Peter Shaw introduces me to Gena Perevedevtsev, a 49-year-old emigrant from the Ukraine, who came here in 1999. He learned to fly in Russia, carries out flight tests on the aircraft he maintains and repairs, and has recently embarked on an IMC course. “It’s to give me more confidence, but also, I think it’s a shame to fly in an aeroplane and not make use of all of the instruments,” Gena says.

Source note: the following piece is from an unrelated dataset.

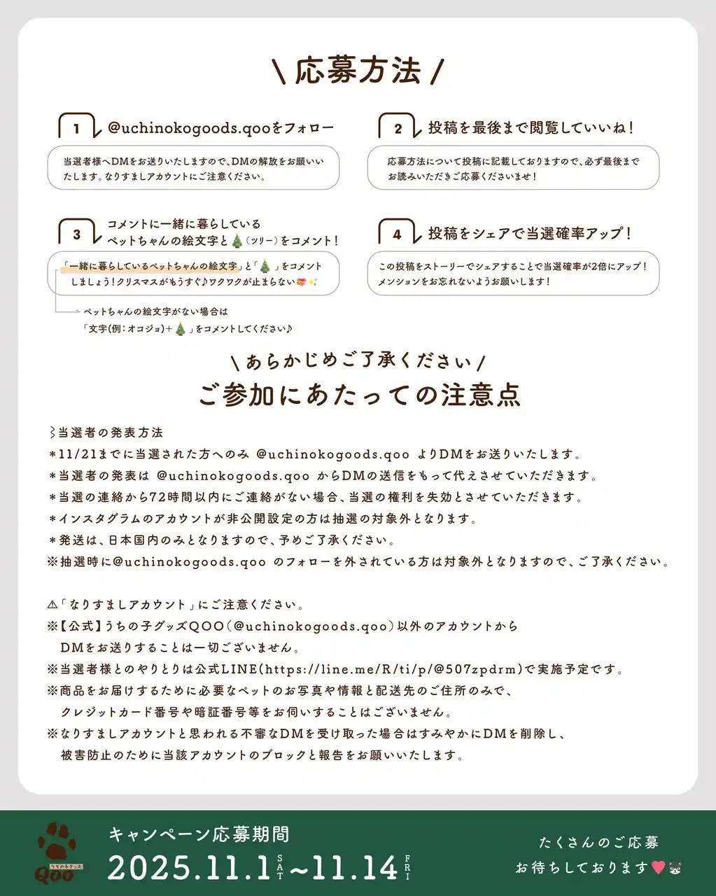 公式Instagramアカウント( @uchinokogoods.qoo )を「フォロー」。 |

Peter says, “I’ve been here 24 years. It’s just a special place: tatty old hangars, bumpy old runways, but it has a good feel about it. It’s egalitarian.” Heading back to the clubhouse, I see someone apparently dancing slowly and rather jerkily on the spot and recognise an aerobatic pilot rehearsing a sequence in the ‘Aresti walk’. He’s a young American lawyer called Steuart Walton who’s been in the UK for four and a half years. “It all began when I met a pilot in London who was raving about this wonderful airfield,” he says. “I already had a licence from the States, came up here and got a tailwheel conversion in the Pitts with Alan Cassidy, and two months later took delivery of my Pitts S2C,” he points to it, gleaming by the fuel pumps. He’s about to fly an advanced sequence in the overhead for Alan to critique, then they’re both off to a contest at Breighton. I let him get back to his rehearsing.
My last encounter is with instructor Bruce Hutton and local pilot Ged Wylie. Ged has been based at White Waltham since 1998, where he keeps his Grob 115A parked outside. Bruce has just been up with him for an instrument flying re-familiarisation session −“An informal one, for a friend,” they explain.
Just as I say goodbye to Bruce and Ged, there’s the familiar howl of a Pitts Special diving to begin an aerobatic sequence and everyone looks up. I can see Alan and some other aerobatic aficionados standing in front of the clubhouse. They are peering up at Steuart in his bright-red S2C, which is twisting and looping its way through one manoeuvre after another. Alan’s talking into a hand-held radio so that Steuart can hear his critique. It’s good to see that there are still airfields where practice aerobatic flights in the overhead are permitted.
One of the advantages of writing these airfield profiles for Pilot is that I talk to people I wouldn’t normally meet. There’s almost always more going on than I was aware of and I end up with a more rounded picture of somewhere I thought I knew. That’s certainly been the case at White Waltham.